Зрители успели заметить, как мелькнули в воздухе Джоннины коричневые ноги в белых носочках и начищенных для торжественного случая полуботинках. Все притихли от изумления.

Борис Иванович аккуратно поставил Джонни на пол в комнате за сценой.

– Приехали…

Возмущенно дыша, но не теряя достоинства, Джонни сказал:

– Это насилие.

– Да, – печально согласился Борис Иванович. – Я понимаю, что действовал не совсем законно. Только у меня не было выхода. Ты срывал мероприятие.

– Я? Срывал?

– Да. Человек приехал из Москвы, а ты едва не провалил ему выступление. Воспользовался оказанным тебе доверием и устроил этот цирк… Зачем, Воробьев? Тебе мало прежней скандальной известности? Решил еще раз привлечь к себе общее внимание?

– Не к себе, а к тем, кто ставит гаражи…

– Против гаражей надо было протестовать не так.

– А как?

– Шли бы с ребятами в горсовет. Или письмо бы написали в газету. Вон твой друг Волошин чуть не каждую неделю в газете стихи печатает, помог бы…

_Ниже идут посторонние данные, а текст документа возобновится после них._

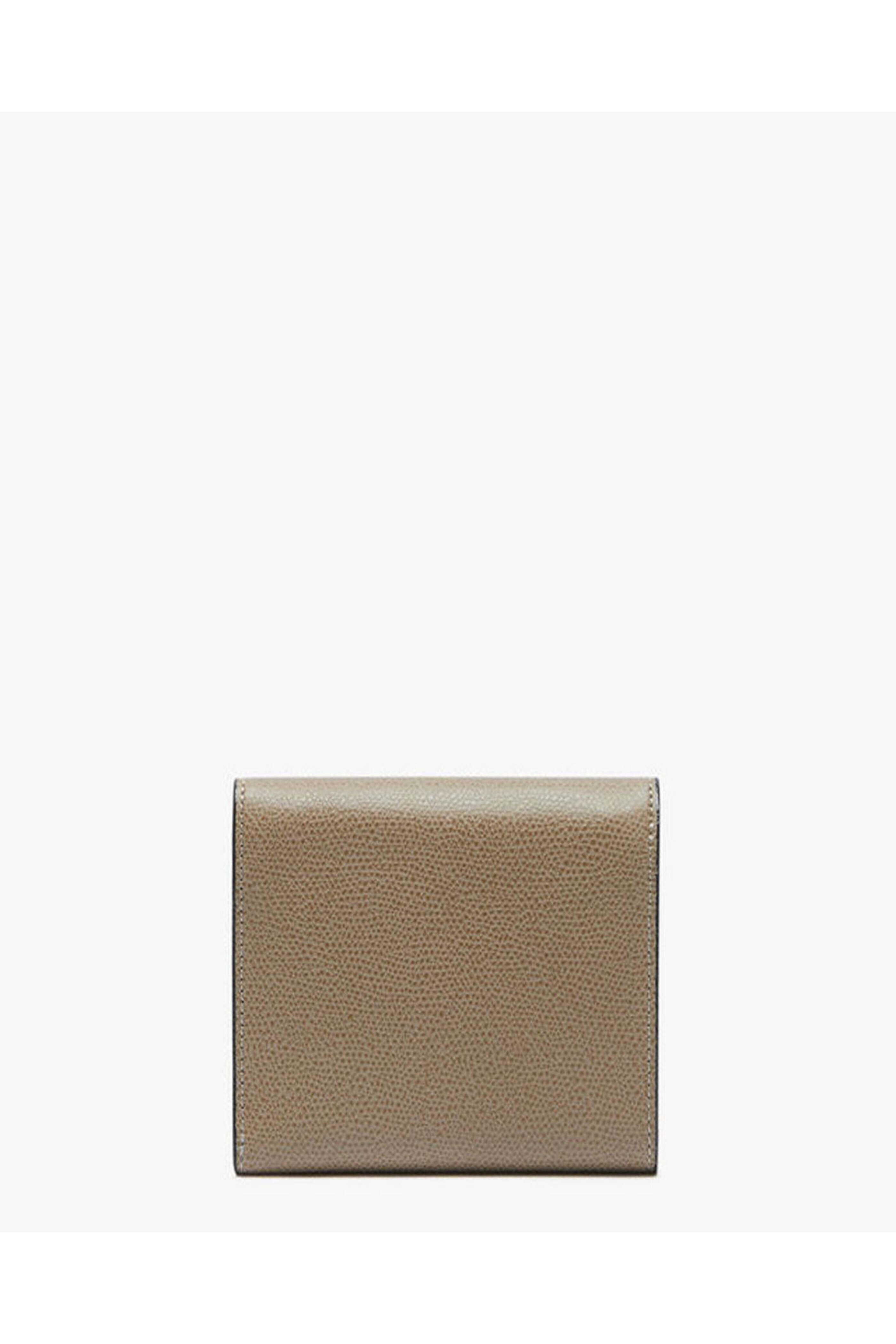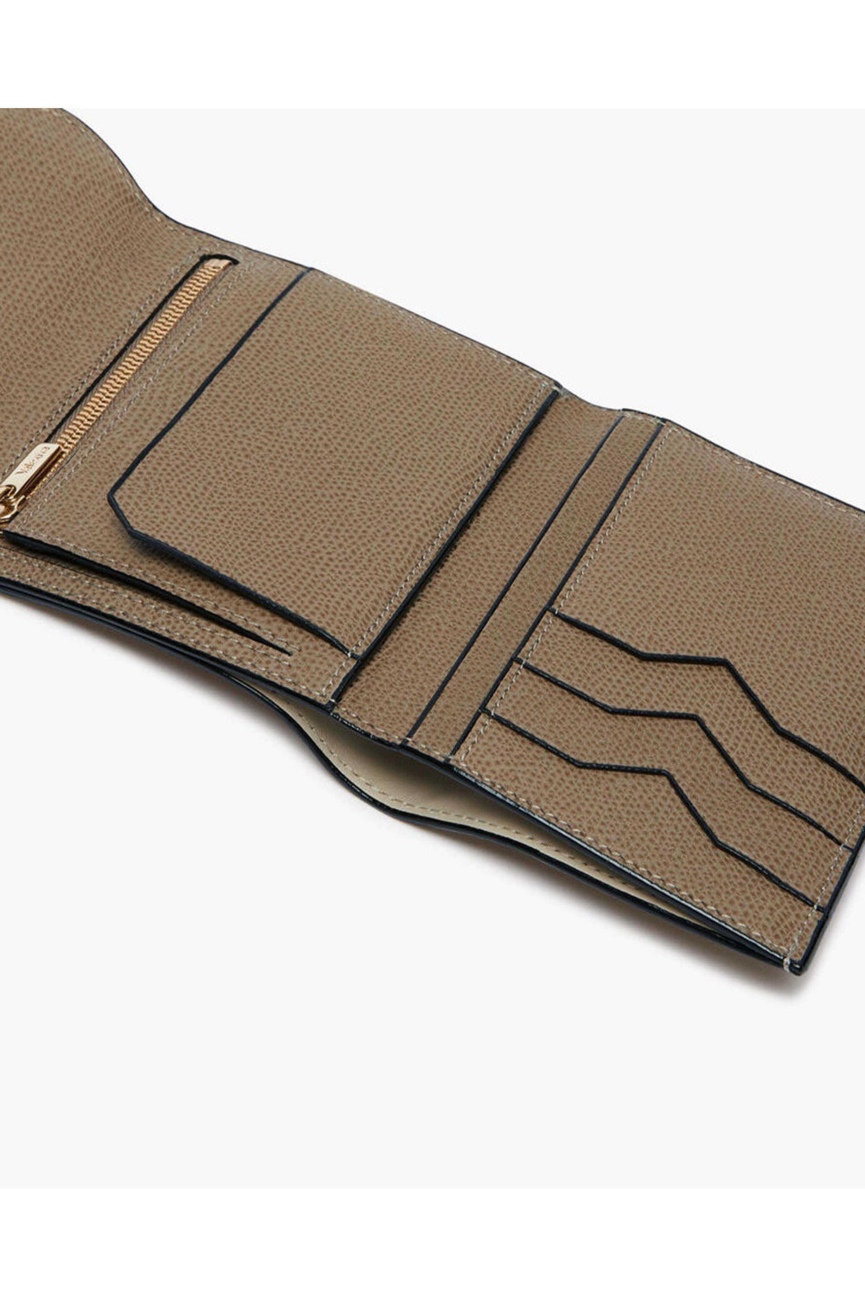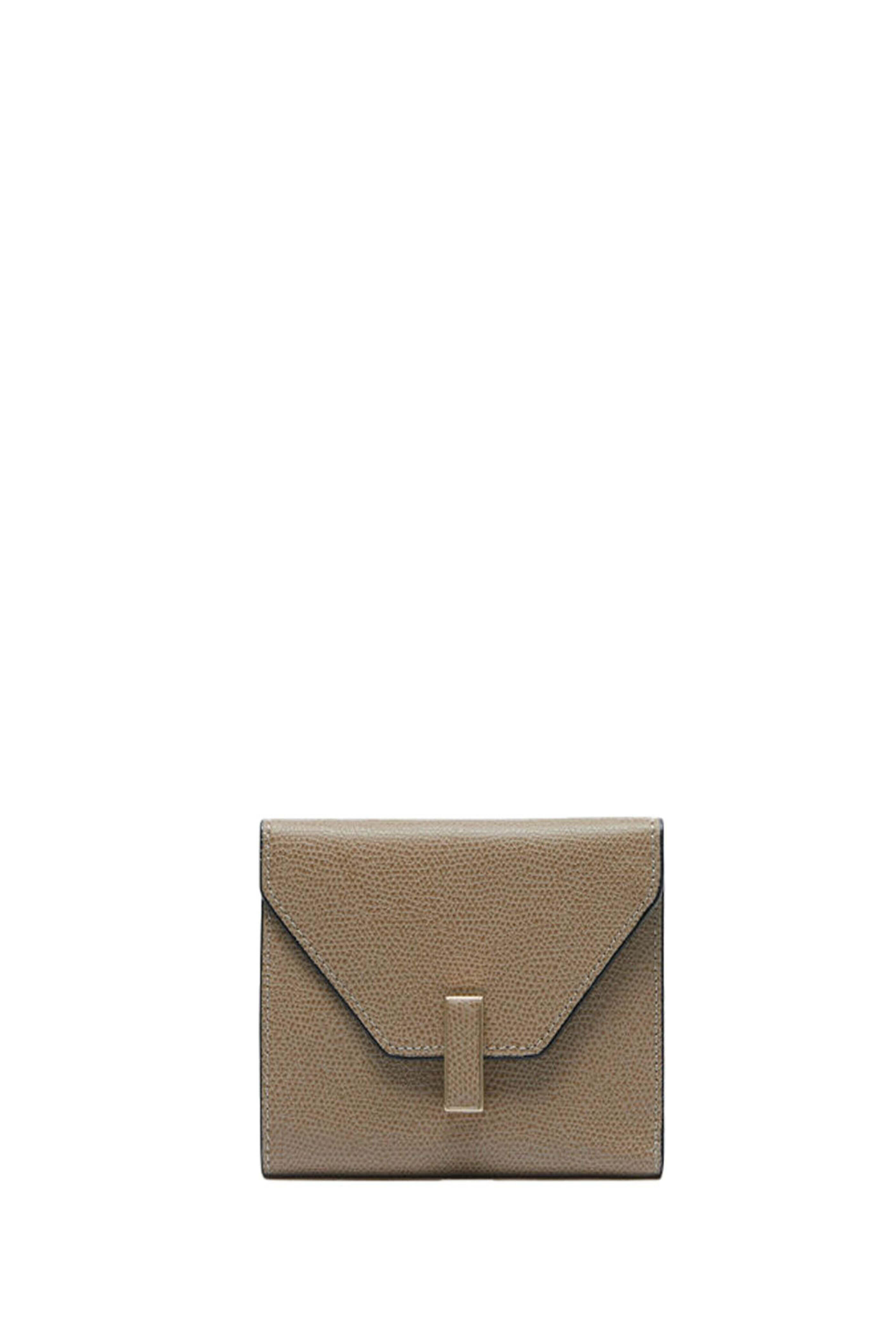 Valextra Iside Fold Wallet in Oyster Brown. Twist-lock closure. 3 card slots. Zip-fastening coin pouch. Leather outer and lining. 4.7W x 3.5H x .8D. Made in Italy.

– Одно дело стихи, другое – письмо, – возразил Джонни. – Волокиту разводить…

– А ты решил, что так легче и скорее! И вон что натворил… – Борис Иванович кивнул на дверь, за которой слышался нестройный шум и взволнованный голос Веры Сергеевны.

Директор с упреком сказал:

– Думаешь, легко теперь будет читать лекцию? Твои друзья расходились, как на стадионе.

– А может, им интереснее слушать меня, а не лекцию, – сердито брякнул Джонни.

– А вот это, милый мой, демагогия.

– Что-что? – насторожился Джонни. К незнакомым словам он относился с подозрением.

– Это греческое слово, – разъяснил директор. – Демагог – это человек, который говорит вроде бы правильные словеса, но прячет за ними всякие несправедливые мысли. Чаще всего в личных и корыстных целях.

– Значит, я в корыстных? – окончательно оскорбился Джонни. Отвернулся и стал разглядывать левую коленку. Он зацепился ею за край фанерной елки в момент похищения со сцены. На коленке была царапина. Длинная, но тонкая и неглубокая. Пустяк. Однако Джонни вспомнил, как бесславно покинул эстраду, и сказал:

– А еще директор…

– Я сейчас в отпуске, – возразил Борис Иванович. – Я действовал не как представитель школьной власти, а как частное лицо.

Джонни подумал, что в таком заявлении тоже достаточно демагогии, но высказать это не успел. В наступившей за дверью тишине раздался сильный и удивительно тонкий голос лектора:

– Товарищи дети! Приступая к этой лекции, я прежде всего хочу отметить, что в период усиления противоречий между удельными феодальными княжествами возникновение вашего города в данном регионе было заметным фактором, оказавшим влияние на ряд процессов, которые в свою очередь…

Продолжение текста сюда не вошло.